As a critical marker of tumor aggressiveness, MVI is a well-established prognostic factor for ER and shorter long-term survival in patients with HCC after curative resection. It is regarded as a crucial pathway for intrahepatic tumor spread and an early indicator of tumor cell dissemination through peritumoral vessels. In the current study, the presence of MVI was strongly associated with postoperative ER and shorter RFS in patients with single tumor ≤ 5 cm, as previous studies have demonstrated [27,28,29]. In addition, our results suggested a certain relationship between tumor size and prognosis in patients with HCC. The larger the tumor size, the greater the heterogeneity, which may reflect the underlying poor cell differentiation, necrosis, and tumor angiogenesis.

In addition, the standardized imaging features of LI-RADS version 2018 were evaluated. However, the results of our study showed that preoperative imaging features were not related to the prognosis of patients with HCC. Although the results of the univariate analysis showed that APHE was a prognostic risk factor, it was excluded from the risk factors in the multivariate analysis. A possible reason for this may be that the quantitative analysis of the histogram has a better performance in predicting the prognosis of patients than the imaging features.

This study has several limitations. First, selection bias seems unavoidable, given its retrospective design. Second, the number of patients was relatively small, and were retrospectively enrolled from a single center. Further larger multicenter prospective studies are required to confirm our findings. Third, the findings of this study may not be applicable to MRI imaging using liver-specific contrast agents, and we will conduct quantitative and qualitative analysis of the hepatobiliary phase subsequently. Fourth, the inclusion and exclusion criteria were strict, and all patients had solitary lesion ≤ 5 cm. Additional studies involving patients with multiple tumors and single tumor > 5 cm in diameter are recommended. Finally, the postoperative follow-up time was insufficient to accurately determine the prognostic predictors of overall survival in patients with HCC. A longer follow-up period is recommended for future studies.

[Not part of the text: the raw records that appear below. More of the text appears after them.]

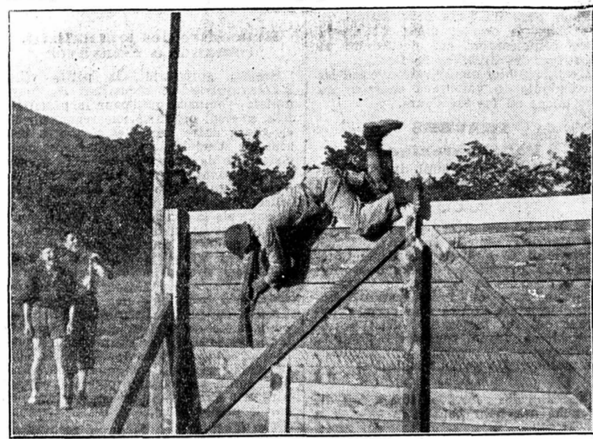
Un sous-officier dans le feu de l'action I...

Classement des sections J.S.R.O. 1947 Fusil : 1. Biemme Romande ; 2. la Chaux-de-Fonds ; 3. Neuchâtel. Pistolet : 1. le Locle ; 2. Neuchâtel ; 3. la Chaux-de-Fonds. Grenades : 1. Morat ; 2. Boudry ; 3. Neuchâtel ; 4. Biemme Romande ; 5. Val-de-Ruz.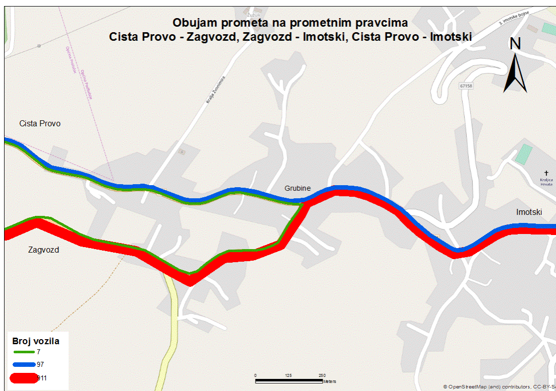
Sl. 7. Obujam prometa na odabranim pravcima prijedodne od ponedjeljka do četvrtka

U jutarnjim satima, tim pravcem u prosjeku od ponedjeljka do četvrtka prođe najmanje vozila od svih promatranih pravaca. To je pravac koji je najmanje korišten iz više razloga, a najvažniji je taj da je sam smještaj Ciste Provo nije povoljan za korištenje ovog čvora autoceste. Promet koji se odvija na ovom pravcu je manji nego na ostala dva pravca s ove dvije slike. Pravac Cista Provo – Imotski u prijedpodnevnom i poslijepodnevnom brojanju daje nam gotovo identične podatke. S obzirom na to da je Imotski centar ove regije i da ima funkcije koje imaju karakter subregionalnog centra, većina prometa ovog prometnog pravca obavlja se zbog potreba stanovništva Ciste Provo za dolaskom u Imotski i obavljanja svojih obaveza. Manji dio stanovništva tog mjesta obavlja svoje dnevne migracije zbog posla ovim pravcem što se vidi iz manjeg broja vozila u prijedpodnevnim satima. Dodatni razlog je i veća blizina Splita i manje vrijeme potrebno za putovanje do tog regionalnog centra.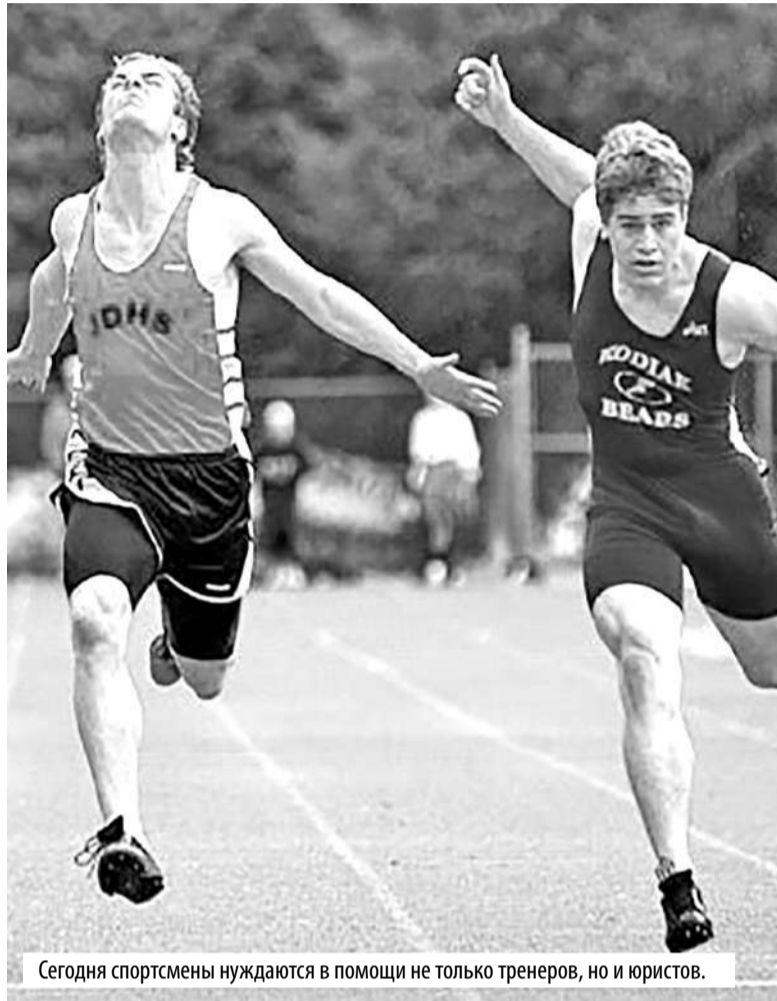
Сегодня спортсмены нуждаются в помощи не только тренеров, но и юристов.

спорта и игр народов Якутии «Сахаада-спорт» начался новый этап развития национальных видов спорта. Благодаря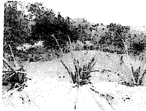
Photo 2 ananas en fruits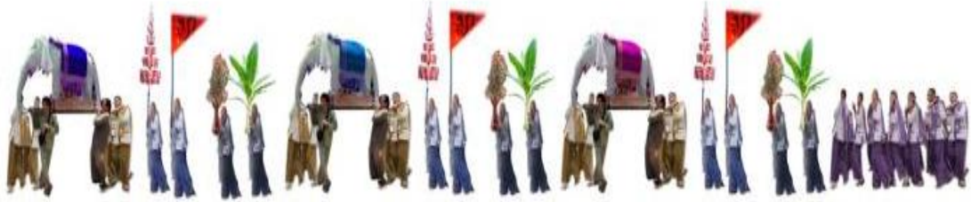
ภาพที่ 5.6 ขบวนช้างบ้านในแต่ละกลุ่ม

In conclusion, the CRH model constructed by incorporating the MAD and Minimum from the histogram analysis of DP images, ALBI grade, tumor size, and MVI had a significant predictive value for ER and RFS in patients with single HCC ≤ 5 cm. In particular, the DP provided the optimal time window for histogram analysis of the MR images. The prognostic nomogram can effectively stratify the prognostic risk degree and assist clinicians in the surveillance and treatment of patients at high risk of recurrence.